Scott Fybush scott@fybush.com
Sun Dec 14 21:59:13 EST 2008


Dan.Strassberg wrote:
> Which means props to Clear Channel. which as everybody here probably
> knows, has taken it on the chin repeatedly for lapses in the past in
> emergencies in other parts of the country. Now, does WTAG's
> performance herald a new leaf? Or is the company trying to atone for
> past problems elsewhere that it claims were incorrectly reported by
> competing media and then became urban legends that refused to die? Or
> is this the impact of the company's new private ownership, which had
> the reputation of not caring about radio except for the $$$$ it could
> bring in? 

Or is it possible that the Minot affair really was both misreported and 
atypical?

My local CC news-talk AM, WHAM (which, it should be noted, is my main 
competition in my WXXI role), has never failed to be there for the 
community in times of severe weather. It stayed on the air nonstop 
through the ice storm we experienced here in 1991 (which dwarfed the 
not-insubstantial present storm in MA/NH), and it's been there for every 
storm since. (It also never left the air during the 2003 blackout, as I 
recall.)

CC (which, it should also be noted, is an employer of mine, by way of 
its being the parent company of Inside Radio, for which I edit The Radio 
Journal) has probably spent more than any other broadcast group over the 
last decade in bringing older AM sites up to modern engineering 
standards, installing backup transmitters and auxiliary towers, and even 
stationing several self-contained emergency stations (containing 
crank-up towers, frequency-agile transmitters and rudimentary studio 
equipment) in locations around the country so that its signals can get 
back on the air even if their facilities are completely destroyed.

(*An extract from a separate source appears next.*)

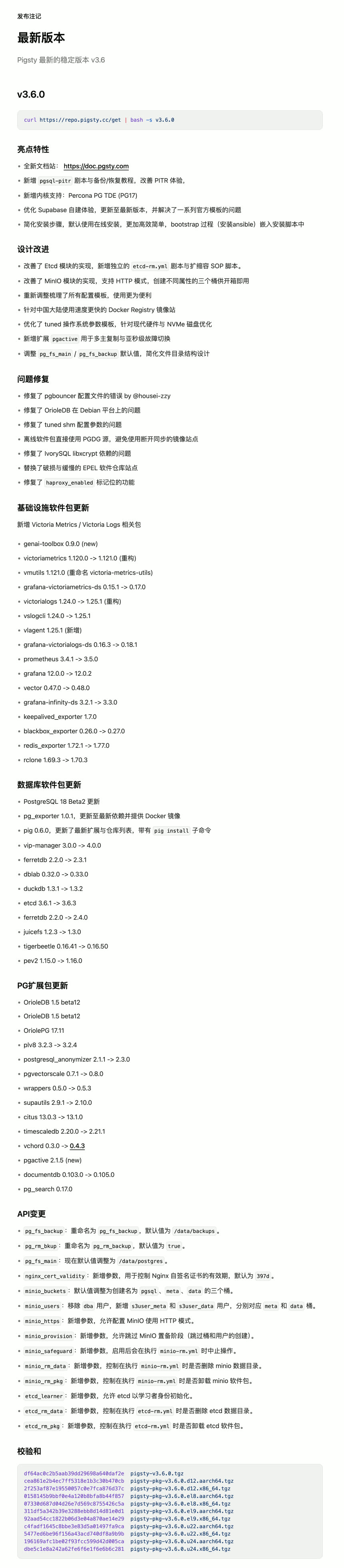 Pigsty v3.6.1 版本发布,PostgreSQL 小版本更新!

This predates both of the big disasters of the last decade, 9/11 and 
Katrina.

On 9/11, the only World Trade Center-based FM station that stayed on the 
air was the one owned by CC, 103.5 WKTU, because CC had invested in an 
auxiliary site at 4 Times Square to keep its FMs on the air in case of 
disaster. (Since then, CC has also built a complete off-site 
studio/office facility at an "undisclosed location" so that it can stay 
on the air even if its Manhattan studios are unusable.)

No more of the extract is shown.